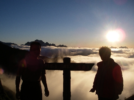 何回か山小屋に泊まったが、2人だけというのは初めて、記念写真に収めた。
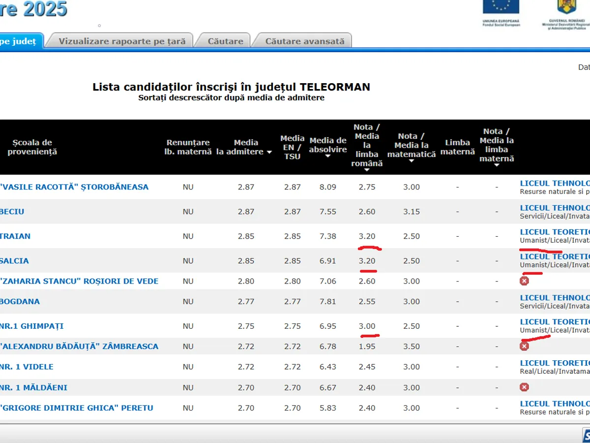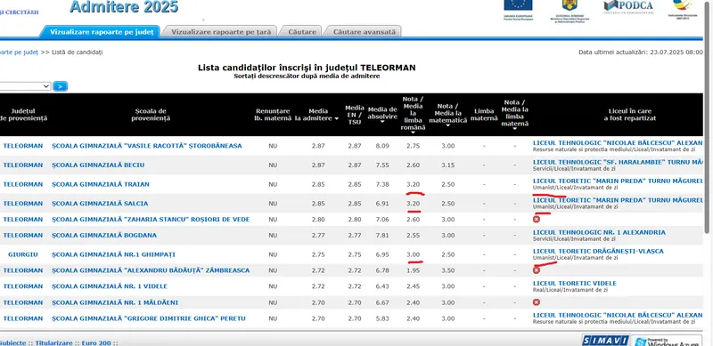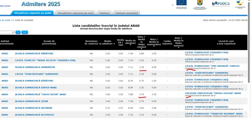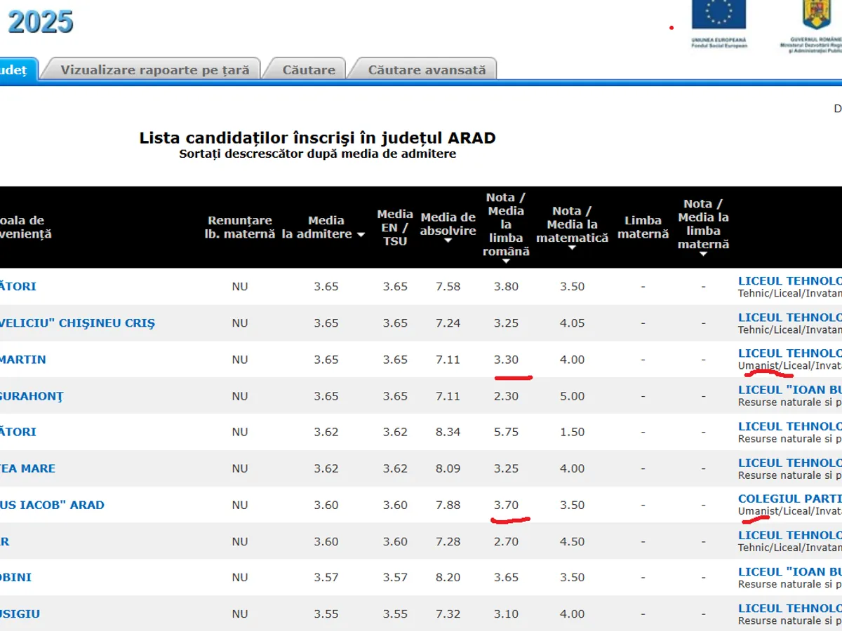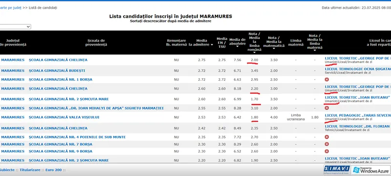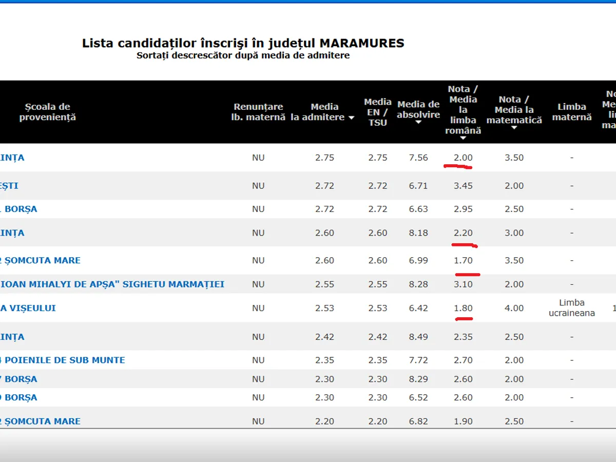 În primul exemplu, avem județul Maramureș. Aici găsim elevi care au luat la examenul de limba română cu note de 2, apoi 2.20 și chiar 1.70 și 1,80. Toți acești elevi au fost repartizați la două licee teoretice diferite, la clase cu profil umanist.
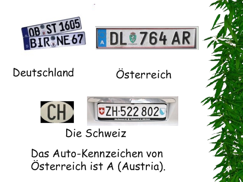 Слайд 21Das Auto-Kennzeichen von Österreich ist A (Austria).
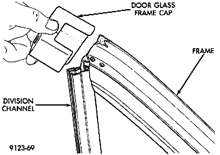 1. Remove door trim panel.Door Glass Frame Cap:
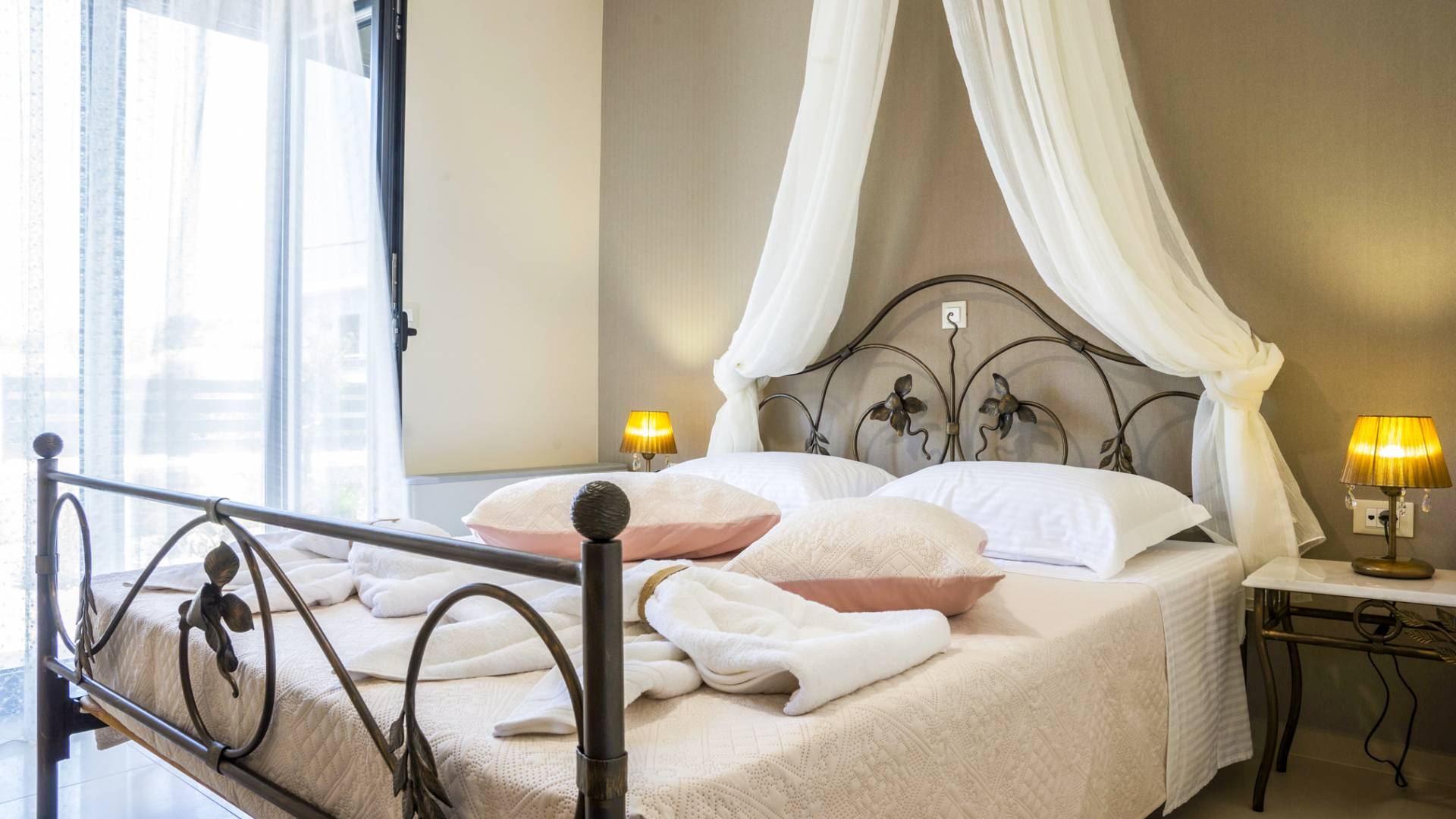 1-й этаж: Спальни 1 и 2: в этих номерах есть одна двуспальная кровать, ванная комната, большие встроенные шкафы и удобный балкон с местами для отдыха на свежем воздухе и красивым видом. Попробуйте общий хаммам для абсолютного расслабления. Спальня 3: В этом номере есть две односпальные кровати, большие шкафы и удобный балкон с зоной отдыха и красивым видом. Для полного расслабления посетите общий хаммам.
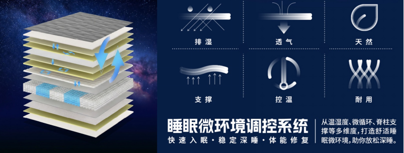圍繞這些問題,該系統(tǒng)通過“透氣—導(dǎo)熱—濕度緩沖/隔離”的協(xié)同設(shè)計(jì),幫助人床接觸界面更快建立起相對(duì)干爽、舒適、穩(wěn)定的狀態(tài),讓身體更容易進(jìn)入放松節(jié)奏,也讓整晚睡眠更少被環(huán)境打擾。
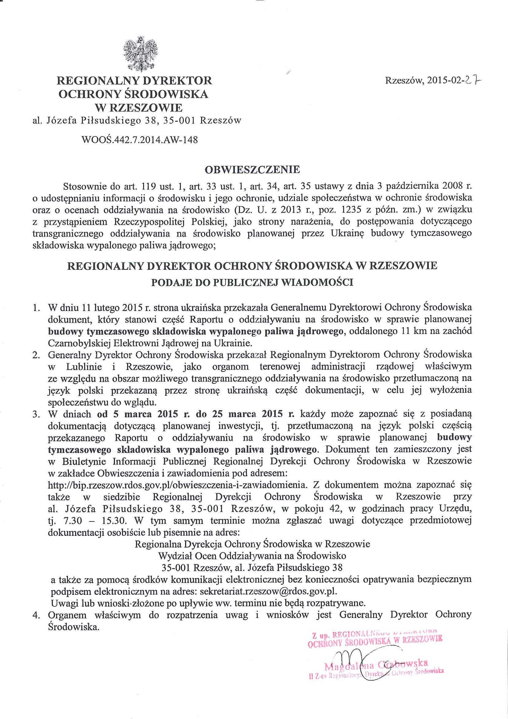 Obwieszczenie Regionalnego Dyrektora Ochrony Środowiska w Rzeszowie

---*---

_Exercise goal_
After locating the line that holds "1-й этаж: Спальни", output exactly the lines from it through the last line of the material above, inclusive, without pictures.

_Result of the task_
 1-й этаж: Спальни 1 и 2: в этих номерах есть одна двуспальная кровать, ванная комната, большие встроенные шкафы и удобный балкон с местами для отдыха на свежем воздухе и красивым видом. Попробуйте общий хаммам для абсолютного расслабления. Спальня 3: В этом номере есть две односпальные кровати, большие шкафы и удобный балкон с зоной отдыха и красивым видом. Для полного расслабления посетите общий хаммам.
圍繞這些問題,該系統(tǒng)通過“透氣—導(dǎo)熱—濕度緩沖/隔離”的協(xié)同設(shè)計(jì),幫助人床接觸界面更快建立起相對(duì)干爽、舒適、穩(wěn)定的狀態(tài),讓身體更容易進(jìn)入放松節(jié)奏,也讓整晚睡眠更少被環(huán)境打擾。
 Obwieszczenie Regionalnego Dyrektora Ochrony Środowiska w Rzeszowie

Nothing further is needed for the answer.